I was talking to my manager the other day, discussing the languages we are using at $dayjob. He kind of offhandedly said that he thinks TypeScript is a temporary fad and soon everything will go back to using JavaScript. He doesn't like that it's made by Microsoft either.
I'm not a frontend developer so I don't really know, but my general impression is that everything is moving more and more towards TypeScript, not away from it. But maybe I'm wrong?
Does anyone who actually works with TypeScript have any impression about this?
Create a language/format. Spend all of your effort making it ubiquitous until it becomes the default "standard" in the workplace. Then charge a metric fuck-tonne for the "official" software that makes use of it.
It's how Office became their cash cow. They create the proprietary doc format, get everyone using it, and once it's embedded in the workplace, charge exorbitantly for the software that uses it.
Once they get everyone using TS as a new industry standard, they'll find a way to make people have to pay for it. Mark my words.

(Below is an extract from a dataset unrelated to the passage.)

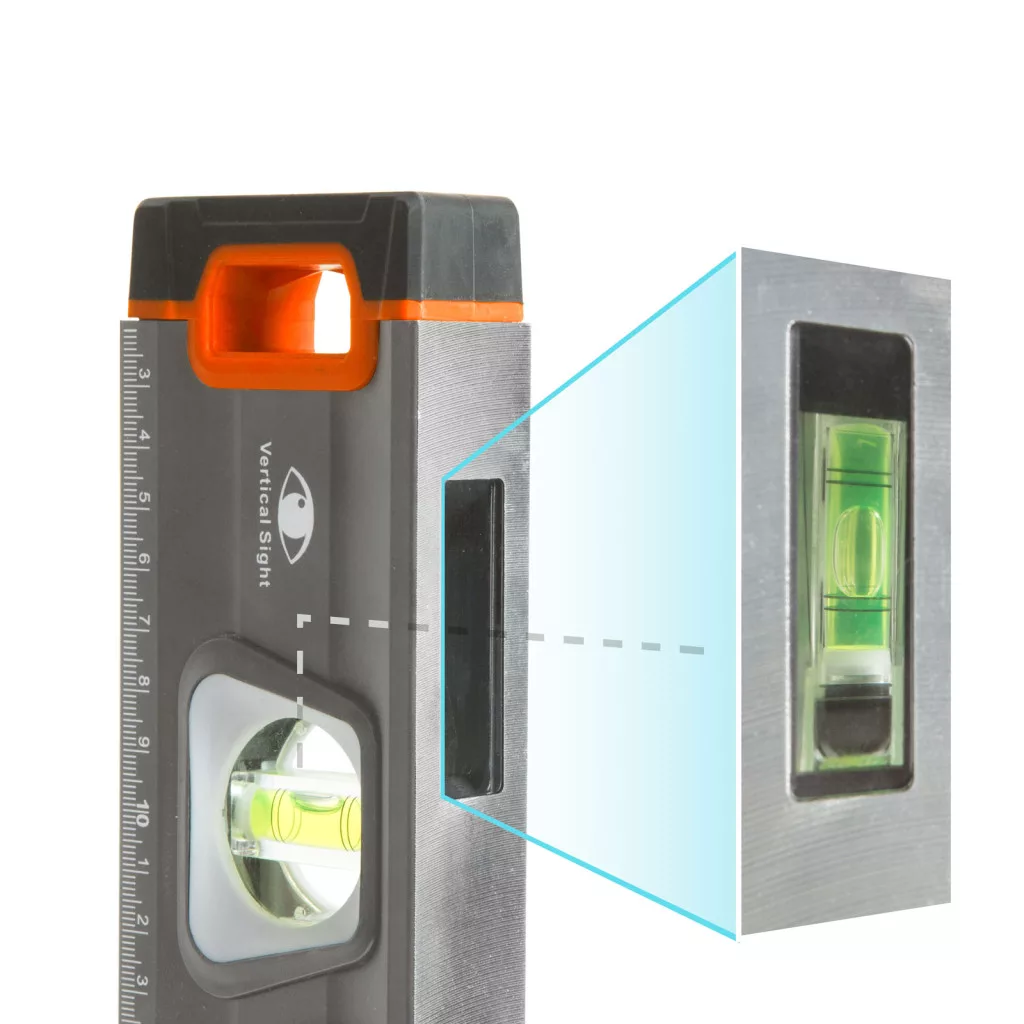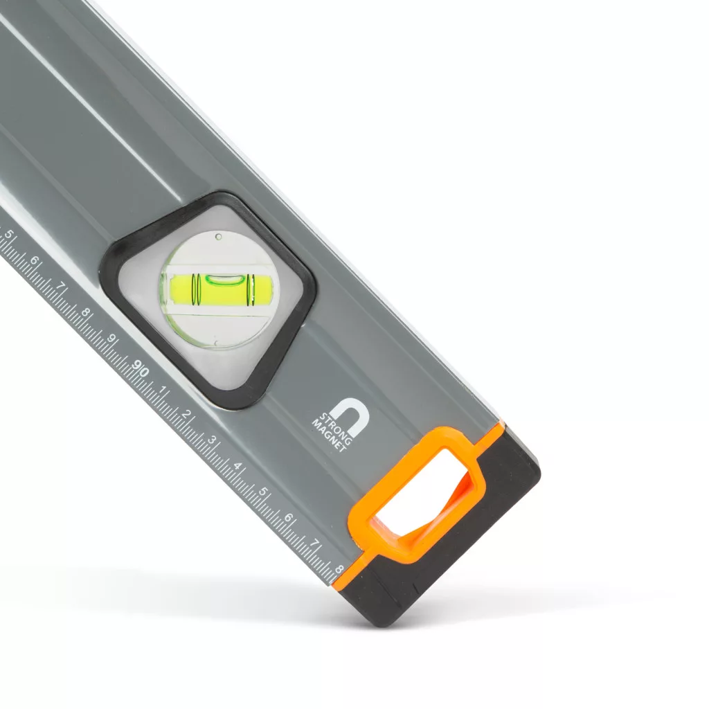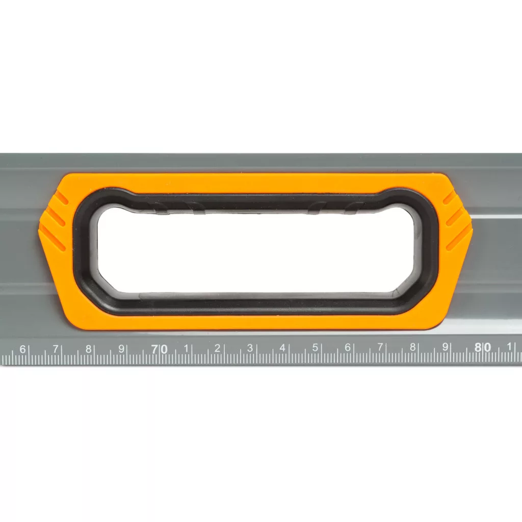 Professzionális vízmérték 3 db elektronikusan kalibrált libellával. Minőségi, nagy szilárdságú festett alumínium boxból készült, amelynek a végén stabil gumi végütköző található. Az eszköz teljes hosszában skálázott vonalzó, mérések során lehet hasznos. 2 db belső, gumírozott fogantyú segíti a stabil tartást bármilyen helyzetben. Az oldalélen található tükörrel ellátott betekintőablaknak köszönhetően szűk helyeken is leolvasható a függőleges libella. Ideális felhasználási terület lehet építkezéseken, felújításokon, segítségével biztosan nem lesznek többé ferde síkok, felületek.

I honestly think this is fearmongering. Yes, Microsoft is a shitty company that has done shitty things, but:
the Typescript repo is licensed with Apache 2.0, which means the community can always fork it if they do bad/evil stuff
there are competing type checkers in the works, which would fully remove any Microsoft influence from a developer using Typescript
there already are competing compilers which are broadly used
The only real option they have to do what you're describing is to implement new features that could be used for monetizing it - there would be some inertia regarding community forks. But even then I can't come up with any monetization model that could make sense. Do you have a specific example in mind?